Monday, June 6, 2016

The Moon is Always the Moon

"There is neither increasing nor decreasing" --The Heart Sutra

Writing on the essential topic of the Prajnaparamita, the Heart Sutra, Buddhist monk and teacher Thich Nhat Hanh, notes in his commentary, The Heart of Understanding, that there is neither increasing nor decreasing. He says we, for example, "worry because we think that after we die, we will not be a human being anymore, we'll be a speck of dust."

We think that in terms of increase and decrease--to live or to die. But this is not so; Hanh teaches us that rather, the sutra means to say that big and small are concepts in our minds; they may not have any reality in the world, because everything depends upon everything else by the Buddhist principle taught as interpenetration, or inter-being.

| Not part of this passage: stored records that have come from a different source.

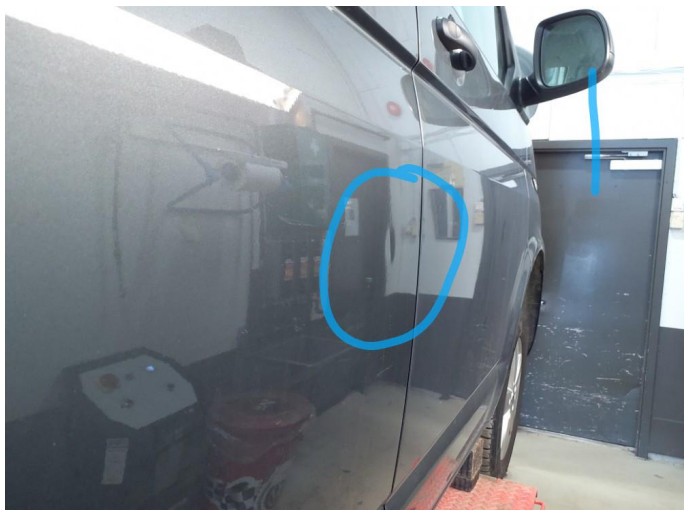
1.1 Ripe ned til grunning
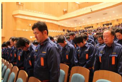
殉職消防団(職)員への黙とう
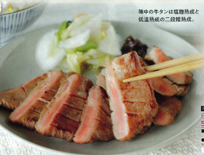
陣中の牛タンは塩麴熟成と低温熟成の二段階熟成。
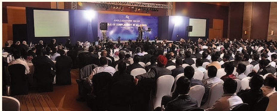
在孟買的海員周年研討會吸引數百位來賓。

為了進一步推廣船隊的安全意識，海事處更特別設立「港口國監督檢查卓越表現獎」，表揚每年在港口國監督檢查中，表現最優異的5間船舶管理公司。
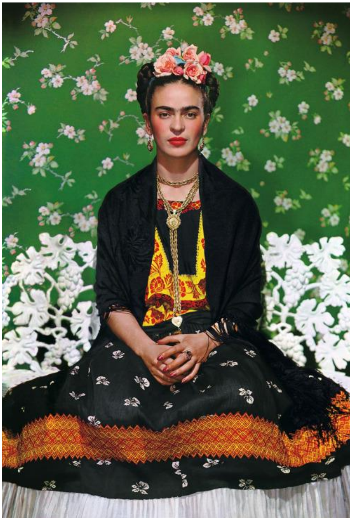
Figura 1 - Muray's, Frida Kahlo on white bench, 1939.
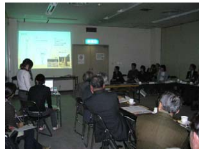
山の保全を考える～伝統行事からの考察～ (広河原松上げ保存会)
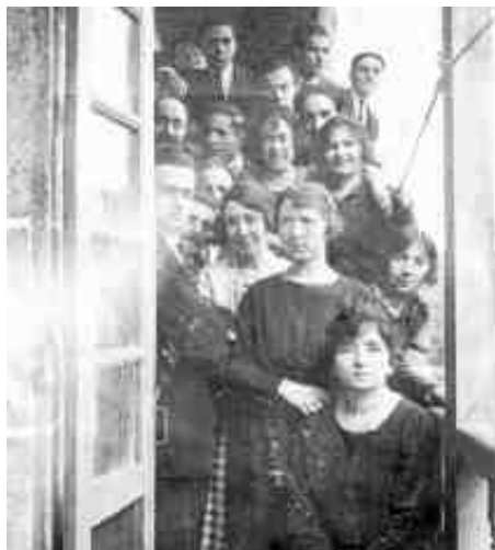
Grupo de teatro da Irmandade da Coruña

En 1926, Carvalho desprázase a Compostela para iniciar os seus estudos universitarios escollendo a carreira de Dereito. A cidade vaille dar a oportunidade de se envolver no activismo cultural e político do momento, comezando polo ambiente estudantil, onde acabará liderando a FUE, Federación Universitaria Escolar.
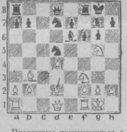
Мат в два хода. ЗАДАЧА
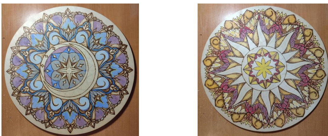
Рис. 4. Точковий розпис мандал за допомогою дотсів (дот-арт).

Для створення рельєфних акцентів і складних об'ємних форм, що виходять за межі площини основи, у проєкт інтегрована техніка пап'є-маше. Висока адгезія паперової маси до дерев'яних поверхонь дозволяє органічно поєднувати ці матеріали.
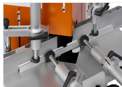
Entailleuses en V KS 101/30
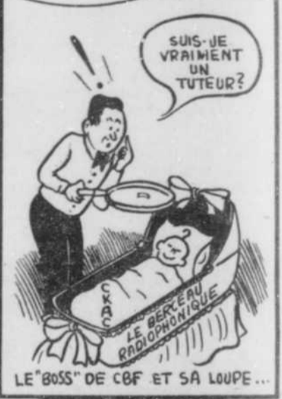
LE "BOSS" DE CBF ET SA LOUPE...
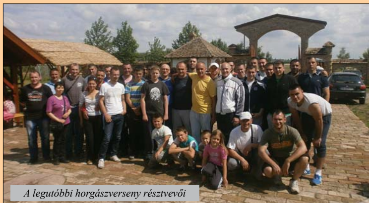
A legutóbbi horgászverseny résztvevői
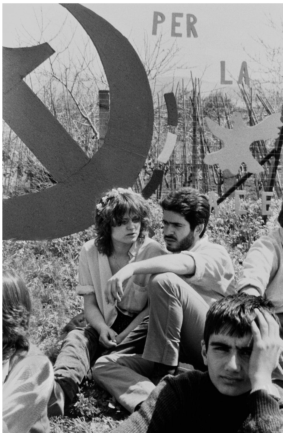
2. Giovani a Comiso, Archivio Centro di studi e iniziative culturali Pio La Torre.
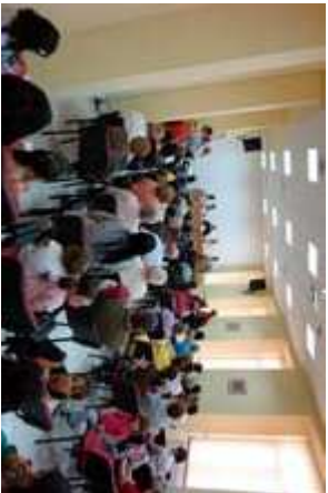
■ Figura 9. Participación. Sesión informativa con los vecinos de la UVA organizada por el Ayuntamiento.

Thus everything contains everything else. In the sun is contained the rain; in the moon is contained the moon herself, and everything that makes up the idea of the moon. It then cannot be destroyed, the idea alone is too small, too insignificant.
Mara, when in balance, is no danger any more than the Buddha. So, "when they assassinated Mahatma Gandhi or Martin Luther King Jr., they hoped to reduce them to nothingness", Hanh writes. But no thing can be reduced to nothing.

Existing is matter within the elements of other things, of other persons, in the very molecules that constitute form. These molecules, persons and others in history, exist and continue to exist, perhaps more greatly than before, precisely because "they continue in other forms."
We, ourselves, continue their being. So let us not be afraid of decreasing. It is like the moon. We see the moon increasing and decreasing, but it is always like the moon." Suchness.